The overall scope of this audit was the period between April 1, 2023 and March 31, 2024. Areas within scope included:

• Sprint I: Cyber security risk identification and assessment processes, including associated roles and responsibilities, governance and oversight, and threat assessment processes.
• Sprint II: Risk response, governance, and resource prioritization processes, including planning and decision-making, risk response action plans and monitoring, resource analysis, allocation, and prioritization.

Adjustments to Planned Scope: The initial audit scope included coverage related to third party risk management and recovery processes. However, during the audit, first-line had initiated work in these areas, which required adjustment to timing, specifically in:

• Third-Party Risk: The first line is obtaining an externally resourced assessment of third-party risk, including development of a third-party risk framework.
• Recovery Processes: There is a significant refresh of OSFI's Business Continuity Plan (BCP) underway, including revision of Business Impact Assessments (BIA) and operational continuity planning.

Given that these changes have a significant impact on current processes, audit coverage of these areas has been deferred, and will be assessed as part of the FY2025-27 RBAP processes to ensure assurance activities add value. IA will also monitor progress on the initiatives identified to identify potential advisory opportunities.

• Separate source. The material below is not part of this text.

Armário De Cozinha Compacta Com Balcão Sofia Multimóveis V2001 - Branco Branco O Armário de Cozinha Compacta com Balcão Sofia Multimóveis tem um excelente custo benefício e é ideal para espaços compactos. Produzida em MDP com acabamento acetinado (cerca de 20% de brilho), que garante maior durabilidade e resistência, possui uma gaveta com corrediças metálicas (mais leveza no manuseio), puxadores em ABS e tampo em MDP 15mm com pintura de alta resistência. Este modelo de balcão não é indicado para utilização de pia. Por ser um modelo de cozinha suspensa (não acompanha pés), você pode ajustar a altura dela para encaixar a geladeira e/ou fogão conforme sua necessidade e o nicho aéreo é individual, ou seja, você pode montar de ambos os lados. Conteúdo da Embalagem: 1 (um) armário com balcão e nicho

C.3 Approach and Methodology

The audit leveraged agile methodologies and used a phased approach to cover cyber security risk management and governance processes, including those within the CIO and CSO groups, as well as broader enterprise-wide processes.

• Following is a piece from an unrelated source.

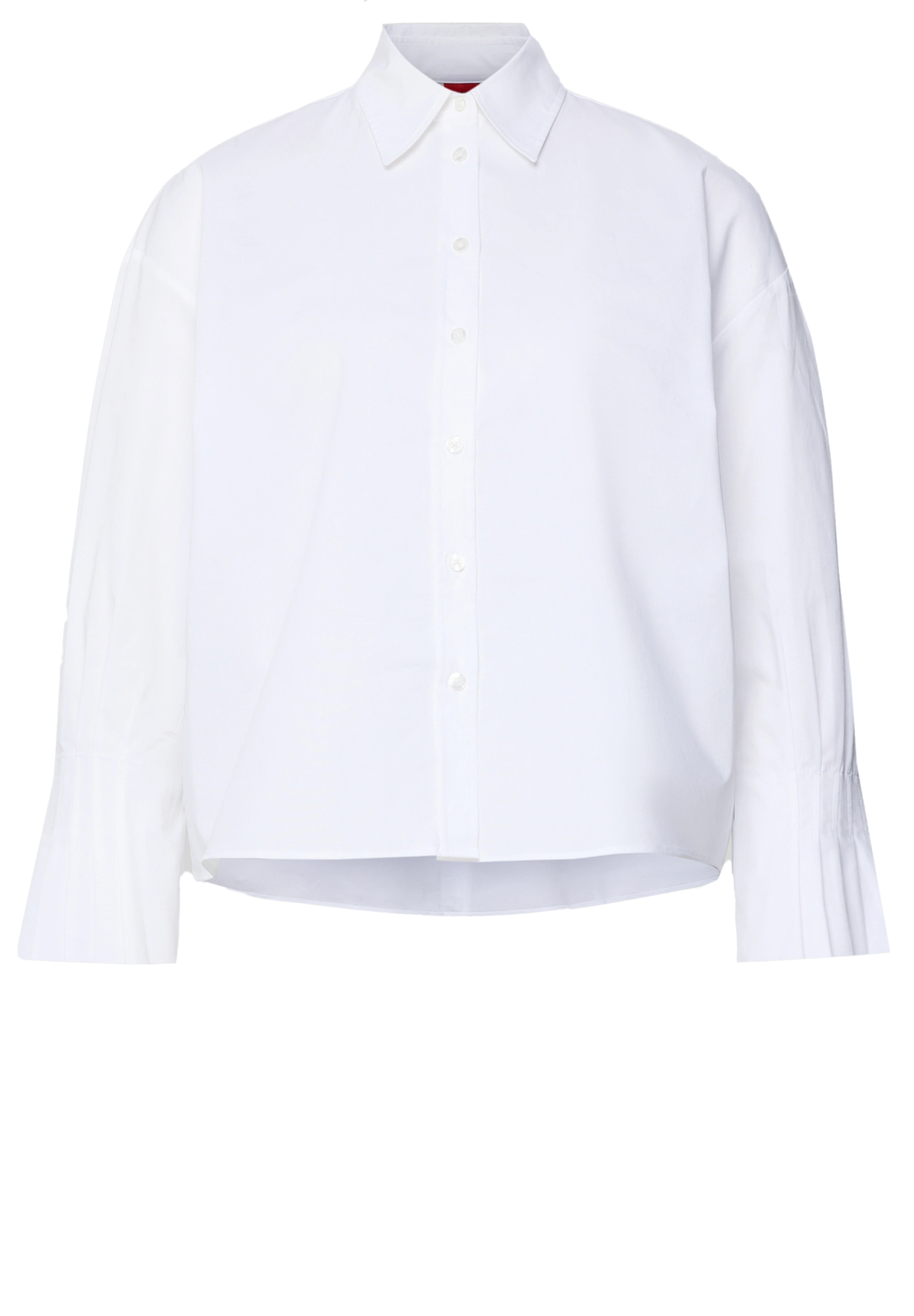 Die Damen Hemdbluse von HUGO, Modell 'Eggy', zeichnet sich durch ihre klassische Regular-Fit Passform aus und sorgt so für ein angenehmes Tragegefühl im Alltag. Gefertigt aus glatter Popeline im Baumwoll-Mix, liegt sie leicht auf der Haut. Dezente Raffungen am Armabschluss setzen einen feinen Akzent und unterstreichen die schlichte Optik.

The audit was conducted through document reviews, interviews, and process walkthroughs. Limited sample-based testing was conducted to assess the operational effectiveness of governance processes.

C.4 Audit Criteria

The following criteria were established for this audit (based on the scope adjustment outlined above):

C.5 Statement of Conformance

This review was conducted in conformance with the Institute of Internal Auditors' International Standards for the Professional Practice of Internal Auditing, consistent with the TB's Policy on Internal Audit, and as supported by the results of the Quality Assurance and Improvement Program.

C.6 Previous Audit Engagements

IA previously conducted an audit of OSFI's cyber security practice in 2018. The audit focused on cyber security processes and controls; and audit recommendations were issued for the consistent application and oversight of security practices for handling sensitive industry information. All recommendations have since been addressed by management and closed by IA.

Additionally, IA conducted a review of policies and practices related to information security in 2023. Three recommendations were issued relating to risk management processes and accountabilities, tracking of risk mitigation activities, and updates to security policies and training programmes. These recommendations are currently in-progress for implementation.